2. Department of Anesthesiology, Nanjing Hospital Affiliated to Nanjing University of Chinese Medicine, Nanjing 210003, China.
3. College of Traditional Chinese Medicine, Shandong University of Traditional Chinese Medicine, Jinan 250035, China.
4. Department of General Surgery, Nanjing Hospital Affiliated to Nanjing University of Chinese Medicine, Nanjing 210003, China.
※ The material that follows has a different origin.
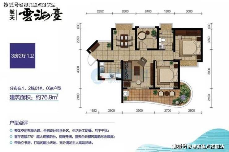 01、06#户型-建面约76.9㎡-三房两厅一卫一厨

- Publication Type:Journal Article
- Keywords:
ASCT2;
Atractylenolide III;
Hepatic stellate cells;
Liver fibrosis;
NF-κB;
Precursor IL-1α;
SASP;
Senescence
- From:
Acta Pharmaceutica Sinica B
2022;12(9):3618-3638
- CountryChina
- Language:English
-
Abstract:
Senescence of activated hepatic stellate cells (aHSCs) is a stable growth arrest that is implicated in liver fibrosis regression. Senescent cells often accompanied by a multi-faceted senescence-associated secretory phenotype (SASP). But little is known about how alanine-serine-cysteine transporter type-2 (ASCT2), a high affinity glutamine transporter, affects HSC senescence and SASP during liver fibrosis. Here, we identified ASCT2 is mainly elevated in aHSCs and positively correlated with liver fibrosis in human and mouse fibrotic livers. We first discovered ASCT2 inhibition induced HSCs to senescence in vitro and in vivo. The proinflammatory SASP were restricted by ASCT2 inhibition at senescence initiation to prevent paracrine migration. Mechanically, ASCT2 was a direct target of glutaminolysis-dependent proinflammatory SASP, interfering IL-1α/NF-κB feedback loop via interacting with precursor IL-1α at Lys82. From a translational perspective, atractylenolide III is identified as ASCT2 inhibitor through directly bound to Asn230 of ASCT2. The presence of -OH group in atractylenolide III is suggested to be favorable for the inhibition of ASCT2. Importantly, atractylenolide III could be utilized to treat liver fibrosis mice. Taken together, ASCT2 controlled HSC senescence while modifying the proinflammatory SASP. Targeting ASCT2 by atractylenolide III could be a therapeutic candidate for liver fibrosis.